Entlang der Via Dolorosa gibt es zudem weitere zahlreiche Sehenswürdigkeiten zu bestaunen, beispielsweise die St.-Anna-Kirche, die Ecce-Homo-Basilika mit dem Ecce-Homo-Bogen sowie die Erlöserkirche. Aufgrund der großen religiösen Bedeutung für die Christen ist die Via Dolorosa ein beliebtes Ausflugsziel für Gläubige. An christlichen Feiertagen finden hier Veranstaltungen wie die orthodoxe Karfreitagsprozession statt.
Die al-Aqsa-Moschee befindet sich auf dem berühmten Tempelberg in der Jerusalemer Altstadt. Sie ist im islamischen Glauben nach der Kaaba in Mekka und der Prophetenmoschee in Medina das drittwichtigste Heiligtum.
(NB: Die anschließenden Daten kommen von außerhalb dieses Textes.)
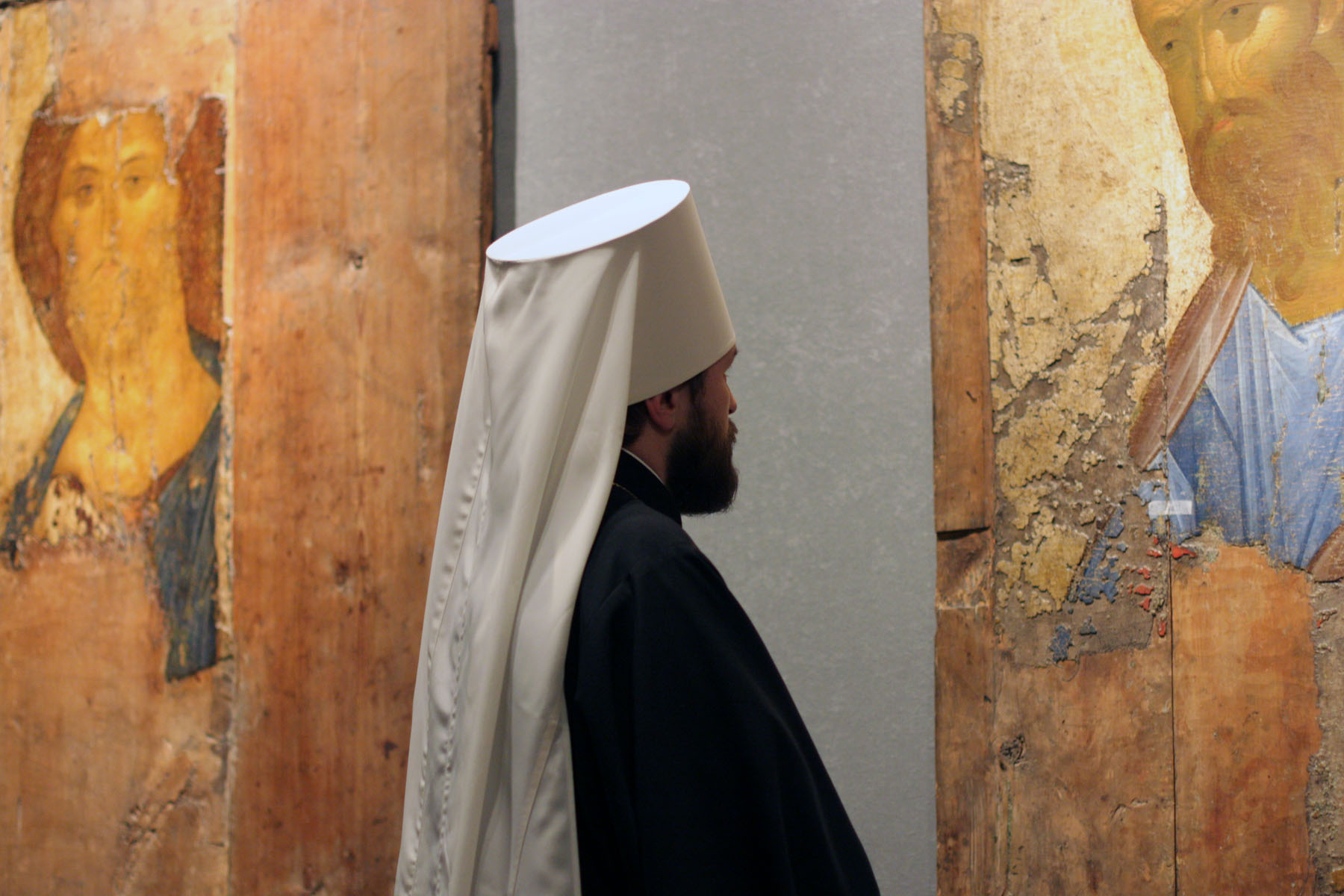 На первой фотографии сообщения №4 иконы рассматривает митрополит Волоколамский Иларион, председатель Отдела внешних церковных связей Московского Патриархата.
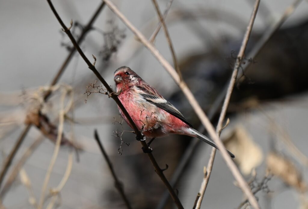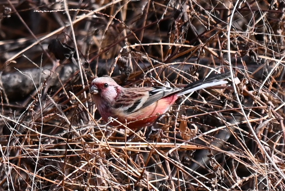 ベニマシコは警戒心が強いと言われています。遠くの藪の中で群れていても、なかなか近くには来てくれません。1枚目と2枚目の写真は同じ個体で、偶然近くの枝に停まったところを写しました。10m位の所です。ルリビタキのオスやミヤマホオジロは人に慣れている個体を撮ったのですが、ベニマシコは野生の個体を撮ったので、ピントの合った写真を見た時の喜びは大きかったです。
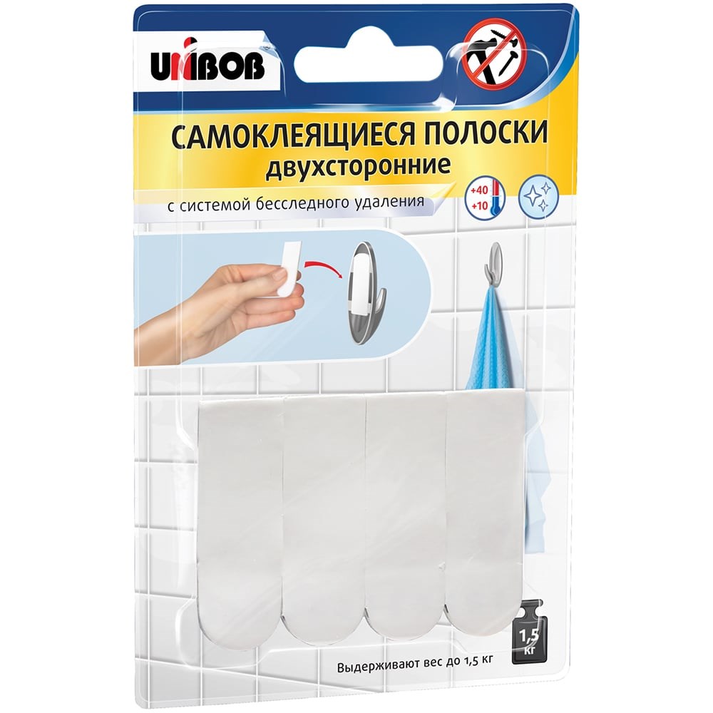 Двусторонние самоклеящиеся полоски Unibob белые, упак. 4 шт. 215022 предназначены для крепления изделий на деревянных поверхностях, кафельной плитке, невиниловых обоях, заштукатуренных стенах. Имеют широкий диапазон применения для работ внутри помещений. Обладают следующими характеристиками: Выдерживают вес изделия до 1.5 кг. Не оставляют следов после снятия. Клеевой слой на основе синтетического каучука обеспечивает надежное крепление к поверхности. Материал: вспененный полиэтилен.
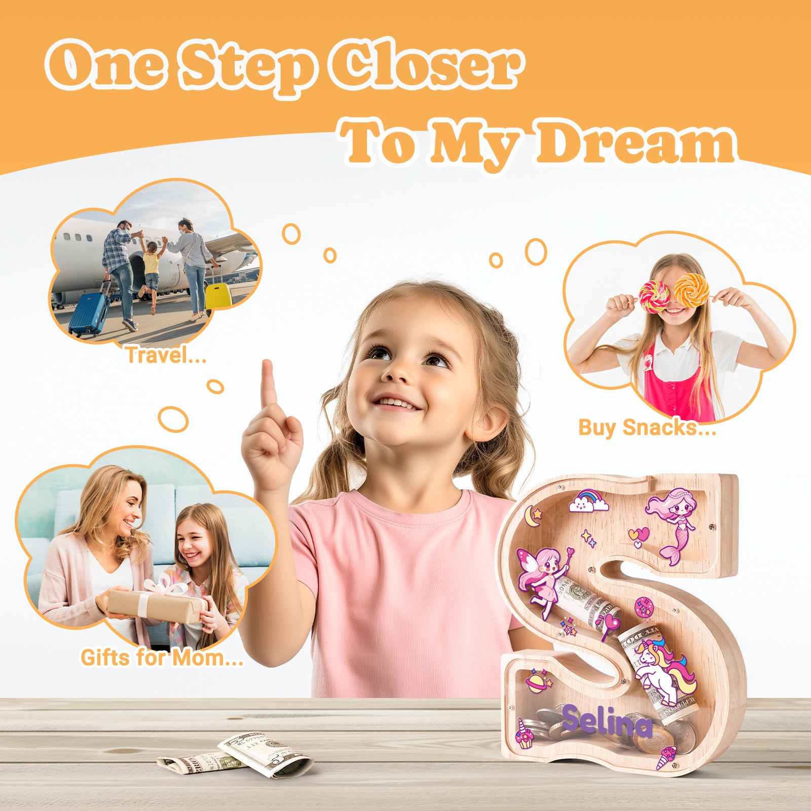 🎁【Fully Customizable Keepsake】 Personalize names + choose 4 enchanting designs (dinosaurs, space, butterflies, unicorns)! This wooden money bank is a perfect gift for both boys and girls. It's suitable for various occasions such as birthdays, back to school, Children's Day, and room decor. Beyond its functionality as a savings tool, it doubles as a delightful room decoration, adding a personal touch to any space.
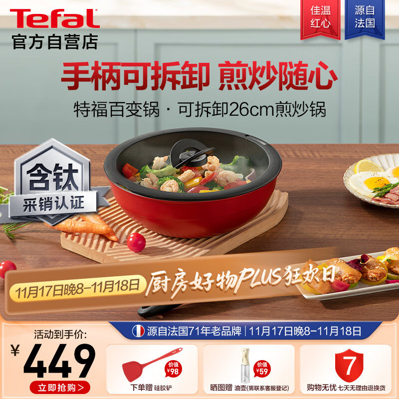 特福(Tefal)可拆卸炒锅26cm煎锅可变烤盘餐具电磁炉烤箱燃气灶通用有钛不粘锅

Der Name des Bauwerks bedeutet übersetzt „die ferne Kultstätte“.

Auch wenn Nicht-Muslimen der Zugang zur Moschee grundsätzlich untersagt und nur mit Sondergenehmigung gestattet wird, lohnt sich ein Besuch dennoch. Denn schon von außen fasziniert das prächtige Bauwerk.

Die Geschichte der Moschee ist ebenso lang und wechselvoll wie die der ganzen Stadt Jerusalem, Kriege, Eroberungen, Erdbeben und Anschläge veränderten häufig das Aussehen und die Gestalt dieses imposanten Sakralbaus und der ihn umgebenen Bauwerke.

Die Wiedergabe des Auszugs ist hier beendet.